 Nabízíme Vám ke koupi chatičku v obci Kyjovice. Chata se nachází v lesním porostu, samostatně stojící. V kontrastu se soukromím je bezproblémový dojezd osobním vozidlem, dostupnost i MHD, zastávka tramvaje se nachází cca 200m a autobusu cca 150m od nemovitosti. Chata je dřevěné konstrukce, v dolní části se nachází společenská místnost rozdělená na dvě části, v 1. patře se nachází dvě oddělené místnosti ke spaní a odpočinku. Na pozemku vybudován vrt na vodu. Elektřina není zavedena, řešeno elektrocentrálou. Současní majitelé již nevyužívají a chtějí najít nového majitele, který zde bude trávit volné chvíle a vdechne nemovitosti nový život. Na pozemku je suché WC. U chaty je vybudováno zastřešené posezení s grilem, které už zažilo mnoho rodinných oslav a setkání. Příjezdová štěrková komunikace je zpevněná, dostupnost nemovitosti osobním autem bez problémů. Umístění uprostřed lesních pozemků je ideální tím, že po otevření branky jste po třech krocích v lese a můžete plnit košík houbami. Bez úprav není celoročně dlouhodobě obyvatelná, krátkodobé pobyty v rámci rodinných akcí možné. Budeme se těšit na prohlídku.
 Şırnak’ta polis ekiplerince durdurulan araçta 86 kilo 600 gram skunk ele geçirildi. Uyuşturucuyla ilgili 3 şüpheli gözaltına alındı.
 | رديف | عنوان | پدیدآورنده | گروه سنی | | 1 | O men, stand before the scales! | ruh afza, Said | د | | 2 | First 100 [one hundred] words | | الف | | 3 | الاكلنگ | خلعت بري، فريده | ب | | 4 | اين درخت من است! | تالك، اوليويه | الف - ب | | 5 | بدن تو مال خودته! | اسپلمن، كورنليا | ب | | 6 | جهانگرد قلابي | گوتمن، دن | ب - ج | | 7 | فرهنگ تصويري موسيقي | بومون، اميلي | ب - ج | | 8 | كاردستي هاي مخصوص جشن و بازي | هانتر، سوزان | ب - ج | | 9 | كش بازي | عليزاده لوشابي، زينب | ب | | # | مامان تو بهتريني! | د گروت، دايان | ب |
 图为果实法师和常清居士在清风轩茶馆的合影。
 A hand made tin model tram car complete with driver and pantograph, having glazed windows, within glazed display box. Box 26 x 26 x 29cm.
...
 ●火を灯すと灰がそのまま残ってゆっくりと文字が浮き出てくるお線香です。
--
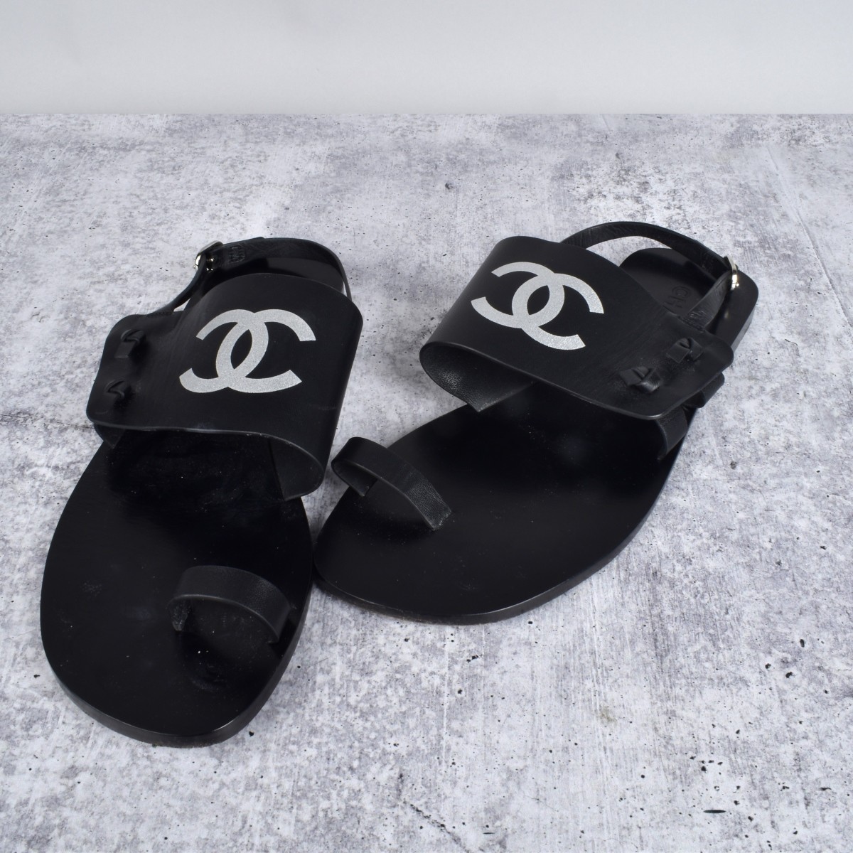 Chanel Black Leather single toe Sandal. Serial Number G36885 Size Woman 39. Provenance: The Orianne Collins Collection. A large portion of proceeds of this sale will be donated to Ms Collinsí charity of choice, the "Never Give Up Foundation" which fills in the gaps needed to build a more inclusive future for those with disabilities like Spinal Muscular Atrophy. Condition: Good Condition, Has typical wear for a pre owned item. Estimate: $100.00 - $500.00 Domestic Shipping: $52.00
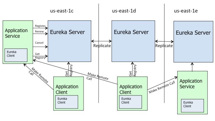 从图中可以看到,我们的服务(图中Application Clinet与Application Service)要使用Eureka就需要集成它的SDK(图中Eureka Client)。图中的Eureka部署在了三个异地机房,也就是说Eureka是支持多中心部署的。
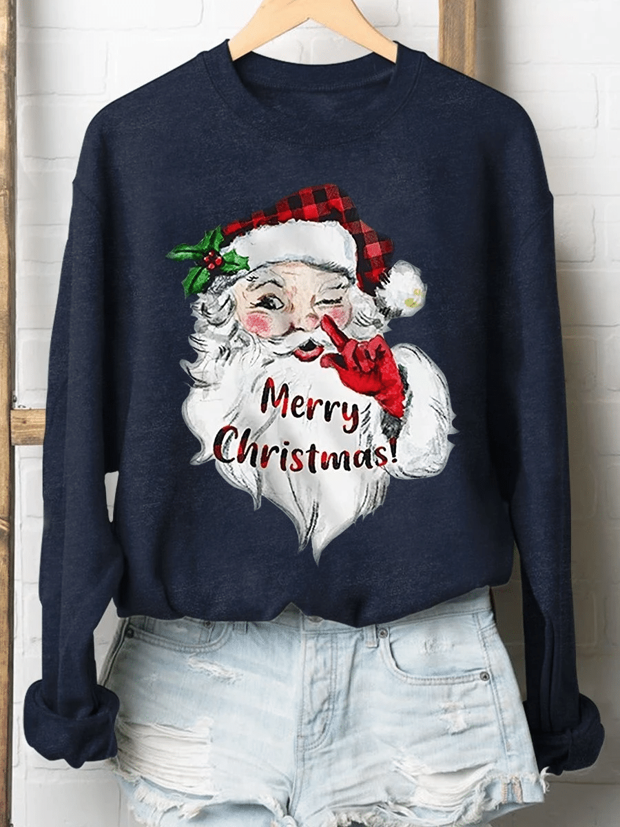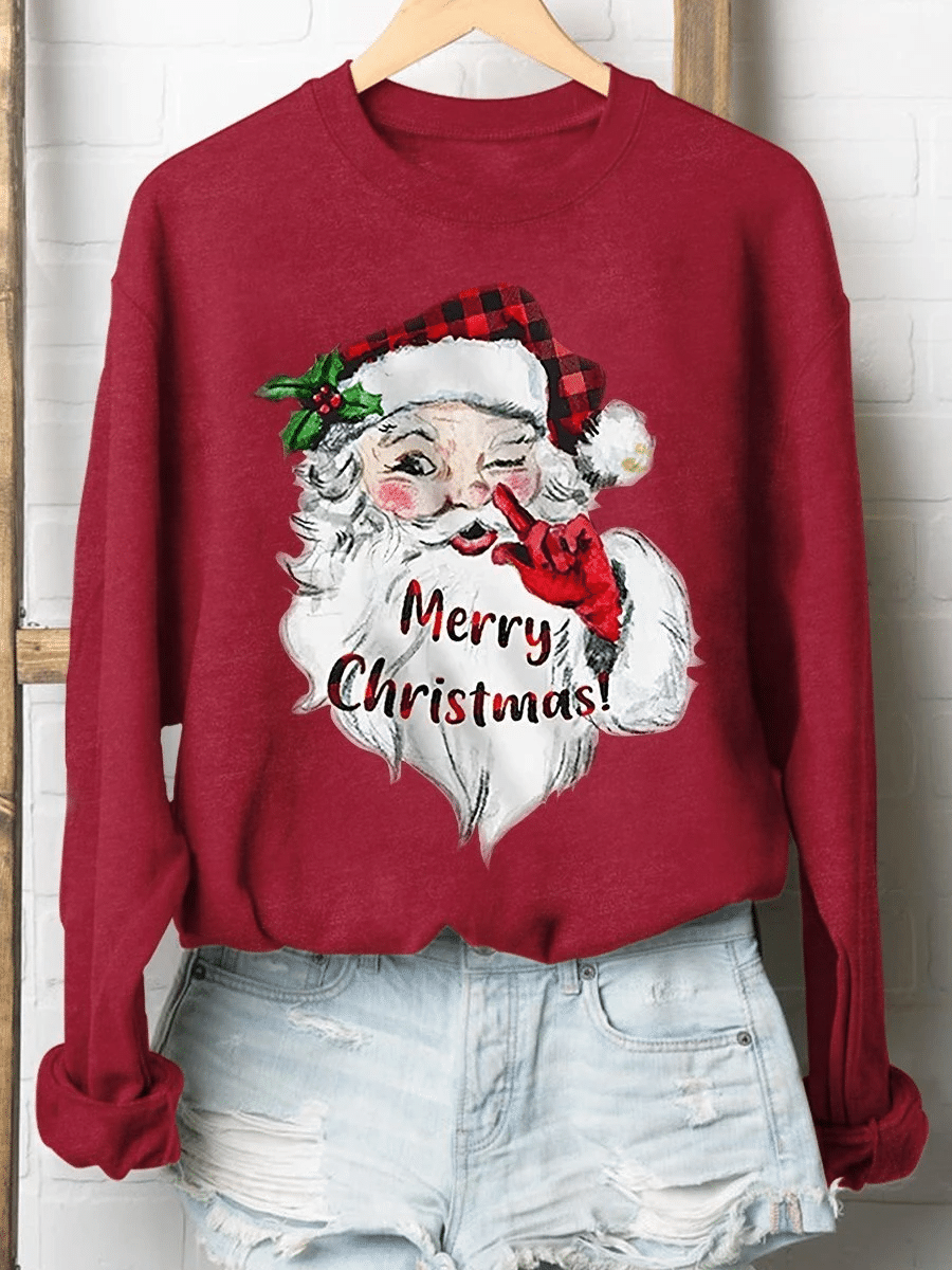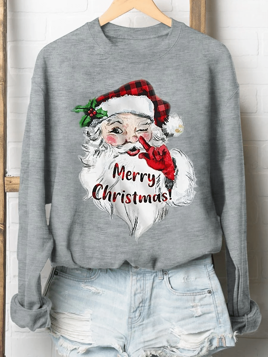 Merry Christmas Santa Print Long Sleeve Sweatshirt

ASSIGNMENT ->
Scan the lines above for "دايان | ب |" and for "图为果实法师和常清居士在清风轩茶馆的合影。". Repeat exactly the line holding each of them and every line in between.

SOLUTION FOR THIS EXERCISE ->
 | رديف | عنوان | پدیدآورنده | گروه سنی | | 1 | O men, stand before the scales! | ruh afza, Said | د | | 2 | First 100 [one hundred] words | | الف | | 3 | الاكلنگ | خلعت بري، فريده | ب | | 4 | اين درخت من است! | تالك، اوليويه | الف - ب | | 5 | بدن تو مال خودته! | اسپلمن، كورنليا | ب | | 6 | جهانگرد قلابي | گوتمن، دن | ب - ج | | 7 | فرهنگ تصويري موسيقي | بومون، اميلي | ب - ج | | 8 | كاردستي هاي مخصوص جشن و بازي | هانتر، سوزان | ب - ج | | 9 | كش بازي | عليزاده لوشابي، زينب | ب | | # | مامان تو بهتريني! | د گروت، دايان | ب |
 图为果实法师和常清居士在清风轩茶馆的合影。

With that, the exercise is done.